На темной вонючей лестнице, на грязных, склизких ступеньках двух ее маршей – от второго этажа до выходной двери – еще сжималось, замирало сердце в душной злобе, в мучительном стыду за отца, за этого бедного малограмотного человека-раба, которого вечная нужда, вечный страх за кусок хлеба приучили к бессознательному преклонению перед чужой, недосягаемой собственностью.
Но стоило выйти во двор, увидеть над головою высокое, необыкновенно веселое небо, рваные, быстро бегущие, с золотистой рыжинкой облака, сквозь которые простреливали длинные весенние лучи солнца, стоило услышать звонкую капель и бог весть откуда прилетевший в этот грязный двор синичий свист – и темное развеялось вдруг, разведрилось на душе. Ощущение счастья, какая-то вселенская радость наполнила все существо, все клеточки изумительно легкого, как бы готового к полету тела. Мир был – Весна, Революция, Рита… «Нынче скажу, – подумал Ефим с радостным ужасом. – Нынче обязательно объяснюсь…»
Башенные часы на кокетливой барочной колокольне кафедрального собора пробили девять.
– Фимушка-а!
Рита бежала прямо по лужам, раскрасневшаяся, в распахнутой куртке. Круглые румяные щеки, черные брови вразлет.
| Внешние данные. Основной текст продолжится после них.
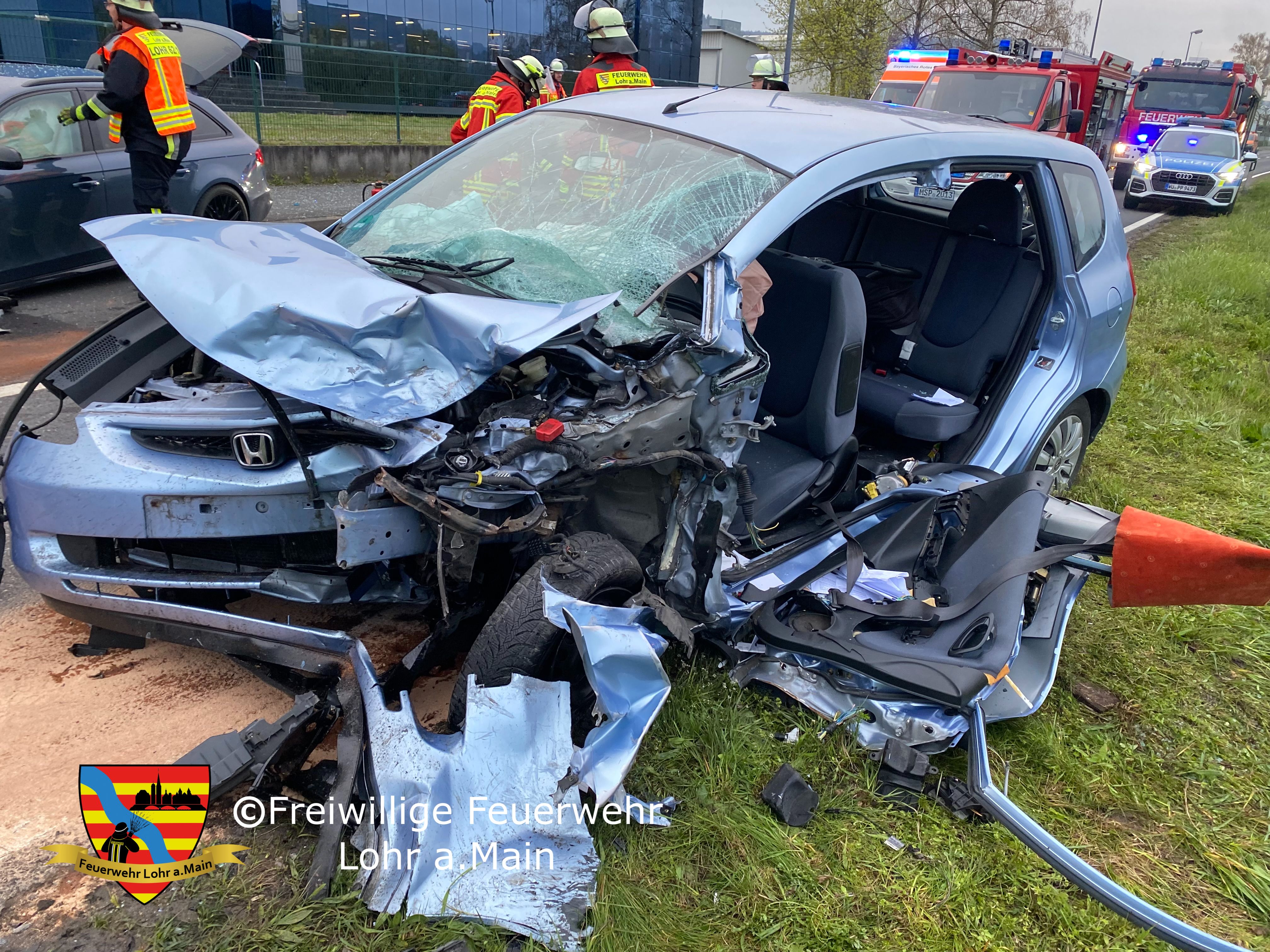 Die Einsatzkräfte der Feuerwehr Lohr, Rodenbach und Neustadt wurden zu einem Verkehrsunfall auf der Rodenbacher Str. Höhe Firma Hunger alarmiert. Eine erste Lage ergab zwei frontal miteinander kollidierte PKW. Der Fahrer des ersten PKW hatte das Fahrzeug selbstständig verlassen können. Der Fahrer des anderen PKWs war auf dem Fahrersitz befindlich eingeklemmt und musste mittels hydraulischen Rettungsgeräts befreit werden.

Темное колечко волос выбилось из-под котиковой круглой шапочки, прилипло к вспотевшему лбу. Она вся была в радужном сиянии синих клочьев неба, солнечных пятен, ледяных брызг. Она была Весна.
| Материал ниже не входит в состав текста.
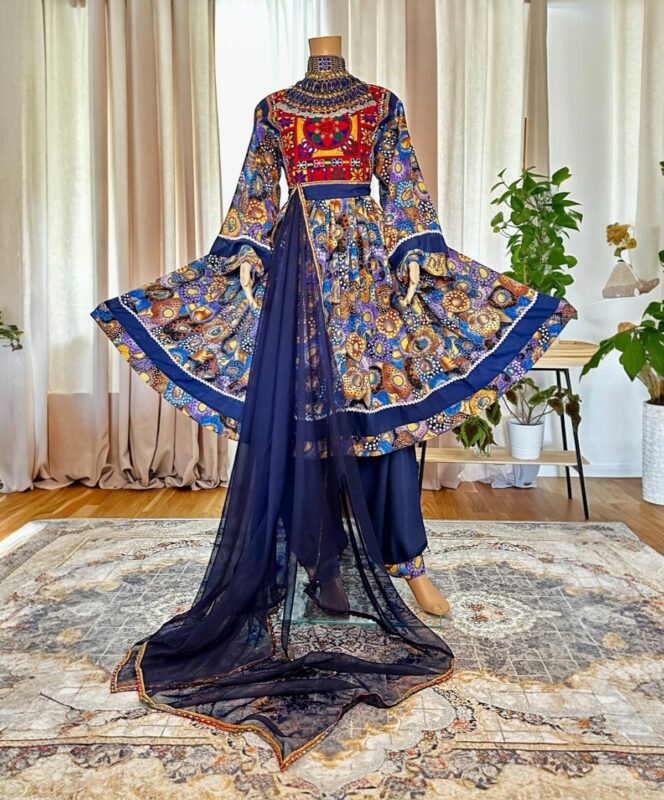 Styling the Persian Blue Banaras Afghan Dress: Tips for a Complete Look

Горячей крепкой рукой пожала маленькую костлявую руку Ляндреса, сильная, как парень.
– Написал?
– Спрашиваешь!
Буйный мартовский ветер треплет белые листочки бумаги, норовит вырвать из Ритиных рук. Хохочет Рита.
– Екатерина великая – о! Поехала в Сарское Село! Нет, Фимушка, ты просто гений! Ты самого Тредьяковского за пояс заткнул!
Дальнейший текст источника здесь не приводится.